══ ENTRIES SHOWN ══

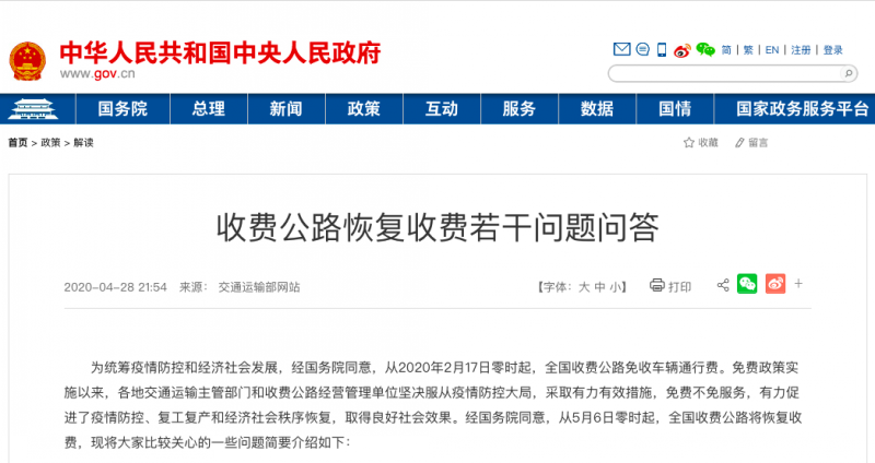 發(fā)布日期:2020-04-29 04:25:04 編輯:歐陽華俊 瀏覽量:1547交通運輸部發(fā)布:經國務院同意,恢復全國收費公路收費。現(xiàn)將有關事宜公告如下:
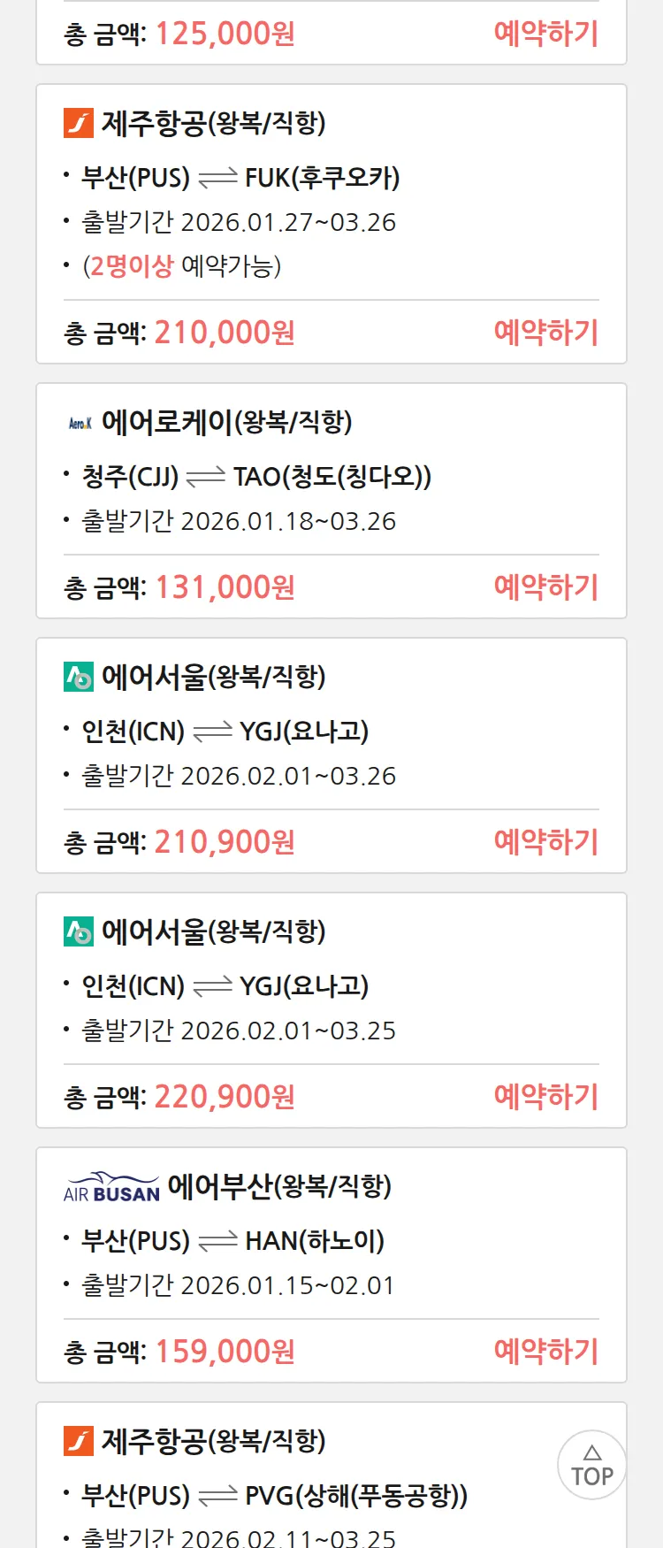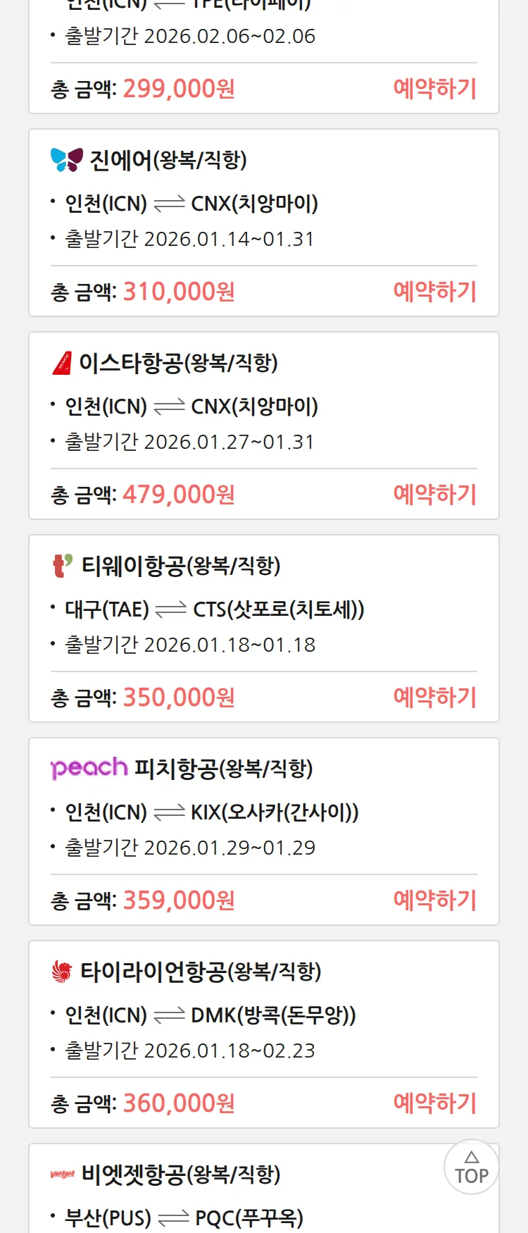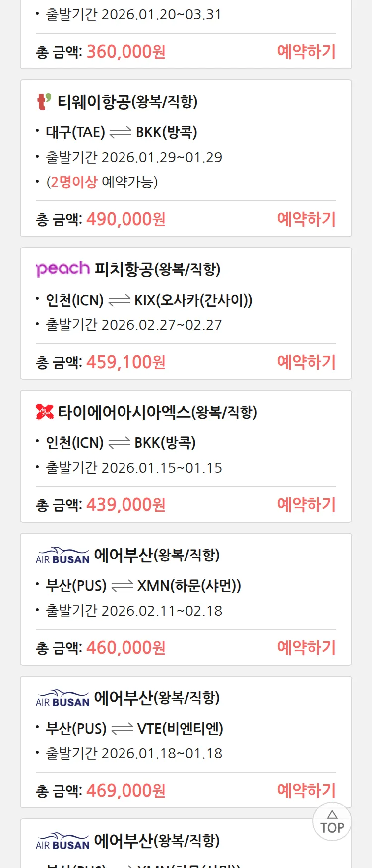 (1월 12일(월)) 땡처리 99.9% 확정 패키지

═══
══ ENTRIES SHOWN ══

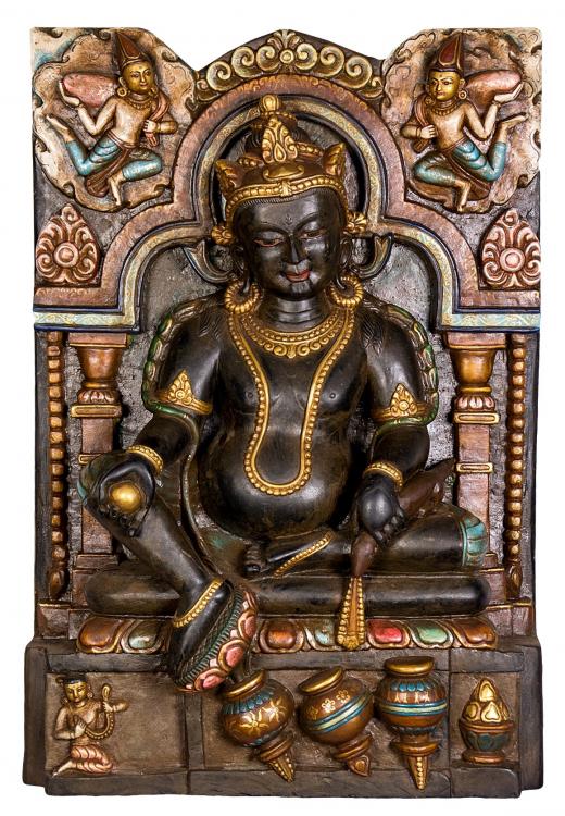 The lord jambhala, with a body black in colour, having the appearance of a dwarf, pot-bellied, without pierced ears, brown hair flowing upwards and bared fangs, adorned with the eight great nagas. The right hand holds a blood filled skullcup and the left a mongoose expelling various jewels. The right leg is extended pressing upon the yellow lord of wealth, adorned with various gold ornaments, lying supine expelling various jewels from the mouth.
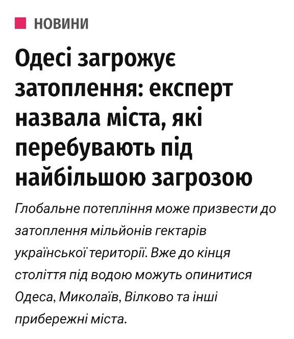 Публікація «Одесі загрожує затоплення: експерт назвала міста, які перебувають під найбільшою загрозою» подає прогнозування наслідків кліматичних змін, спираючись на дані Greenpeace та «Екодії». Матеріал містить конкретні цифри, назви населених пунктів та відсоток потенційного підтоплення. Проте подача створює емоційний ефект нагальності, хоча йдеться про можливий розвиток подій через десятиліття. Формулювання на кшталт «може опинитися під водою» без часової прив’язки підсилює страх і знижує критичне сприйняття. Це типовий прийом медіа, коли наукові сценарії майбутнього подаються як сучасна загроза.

═══
══ ENTRIES SHOWN ══

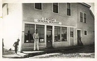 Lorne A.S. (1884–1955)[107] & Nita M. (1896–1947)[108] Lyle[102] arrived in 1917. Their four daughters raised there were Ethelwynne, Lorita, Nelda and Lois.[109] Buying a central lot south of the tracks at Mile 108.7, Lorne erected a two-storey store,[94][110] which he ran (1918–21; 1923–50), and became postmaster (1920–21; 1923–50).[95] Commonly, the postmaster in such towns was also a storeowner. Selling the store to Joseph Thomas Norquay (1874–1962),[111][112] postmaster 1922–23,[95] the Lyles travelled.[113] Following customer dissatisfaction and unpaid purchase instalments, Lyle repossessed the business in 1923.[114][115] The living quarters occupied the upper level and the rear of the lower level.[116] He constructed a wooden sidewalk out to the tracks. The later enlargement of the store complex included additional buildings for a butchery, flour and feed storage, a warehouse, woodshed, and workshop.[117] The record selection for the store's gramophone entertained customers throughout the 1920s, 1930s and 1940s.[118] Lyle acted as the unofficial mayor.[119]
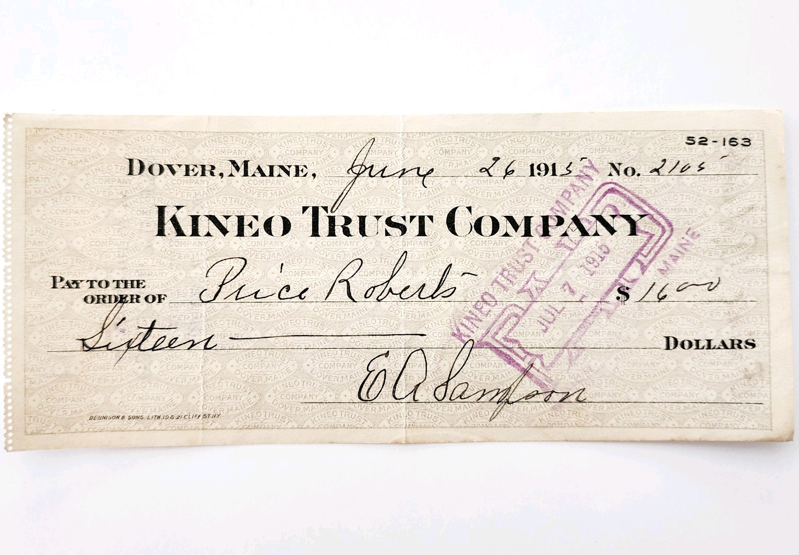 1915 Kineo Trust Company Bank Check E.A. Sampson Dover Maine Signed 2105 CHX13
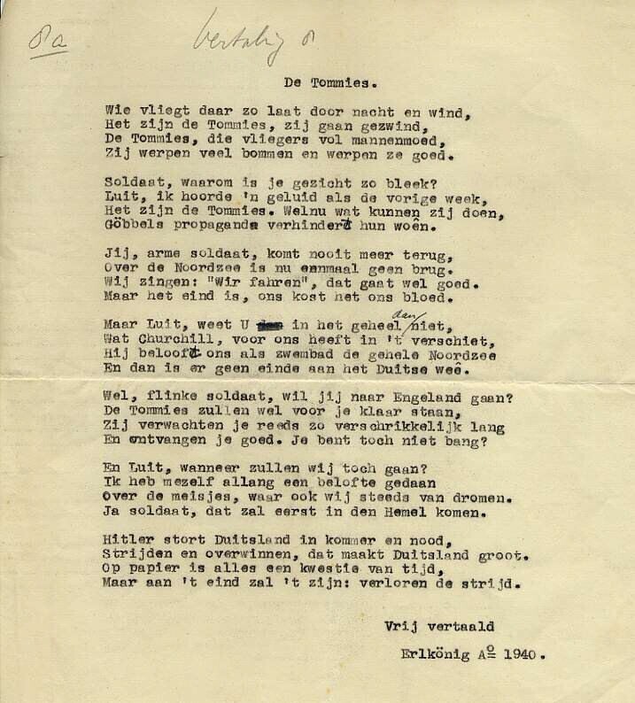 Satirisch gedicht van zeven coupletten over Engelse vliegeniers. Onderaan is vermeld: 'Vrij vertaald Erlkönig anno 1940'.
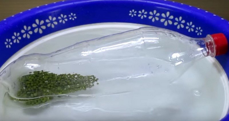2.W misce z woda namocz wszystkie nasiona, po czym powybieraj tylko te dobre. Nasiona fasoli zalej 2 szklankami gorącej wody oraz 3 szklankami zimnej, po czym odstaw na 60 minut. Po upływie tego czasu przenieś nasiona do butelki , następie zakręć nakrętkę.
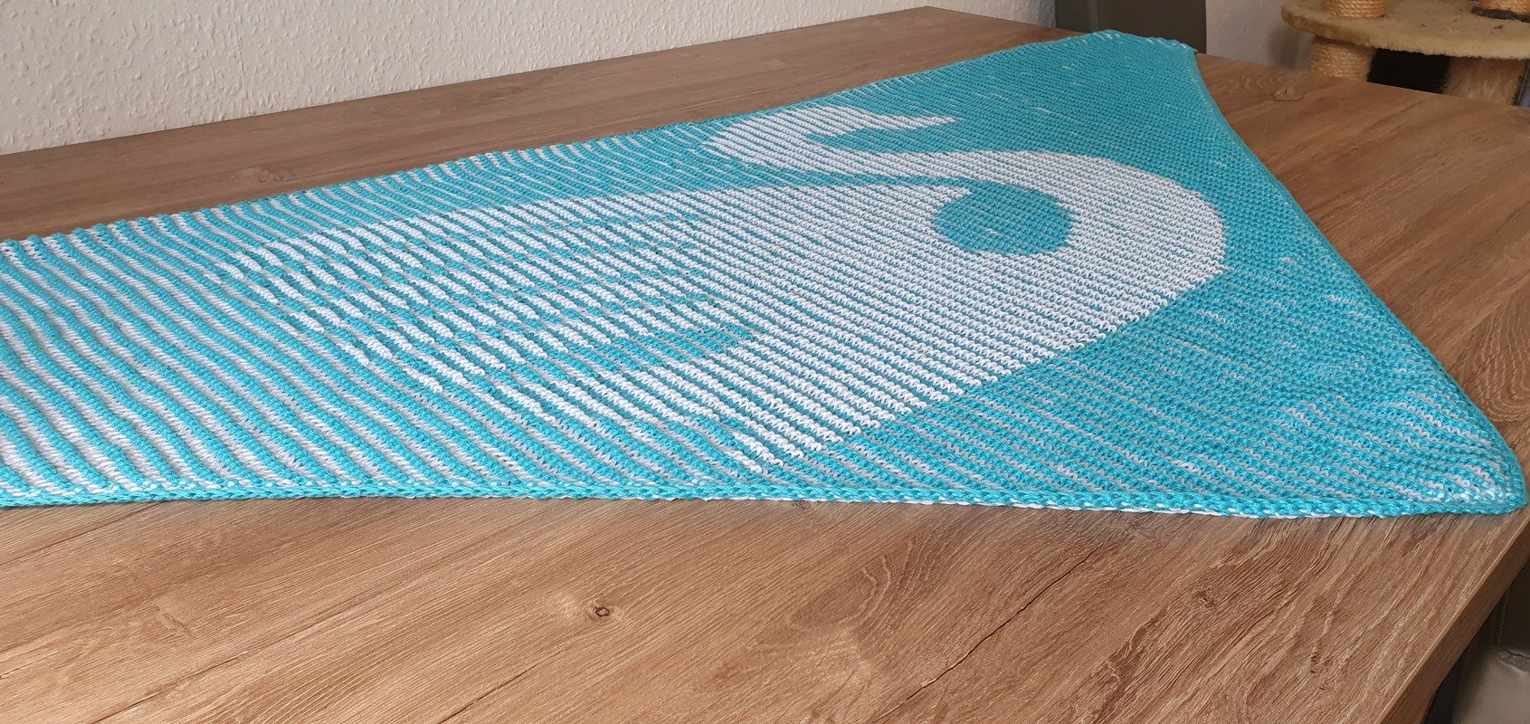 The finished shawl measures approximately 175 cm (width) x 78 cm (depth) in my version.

═══

** ABOUT THIS EXERCISE **
Everything from the line with "The lord jambhala, with" through the line with "як сучасна загроза." in the material above should be transcribed exactly, except the pictures.

** SOLUTION FOR THIS TASK **
 The lord jambhala, with a body black in colour, having the appearance of a dwarf, pot-bellied, without pierced ears, brown hair flowing upwards and bared fangs, adorned with the eight great nagas. The right hand holds a blood filled skullcup and the left a mongoose expelling various jewels. The right leg is extended pressing upon the yellow lord of wealth, adorned with various gold ornaments, lying supine expelling various jewels from the mouth.
 Публікація «Одесі загрожує затоплення: експерт назвала міста, які перебувають під найбільшою загрозою» подає прогнозування наслідків кліматичних змін, спираючись на дані Greenpeace та «Екодії». Матеріал містить конкретні цифри, назви населених пунктів та відсоток потенційного підтоплення. Проте подача створює емоційний ефект нагальності, хоча йдеться про можливий розвиток подій через десятиліття. Формулювання на кшталт «може опинитися під водою» без часової прив’язки підсилює страх і знижує критичне сприйняття. Це типовий прийом медіа, коли наукові сценарії майбутнього подаються як сучасна загроза.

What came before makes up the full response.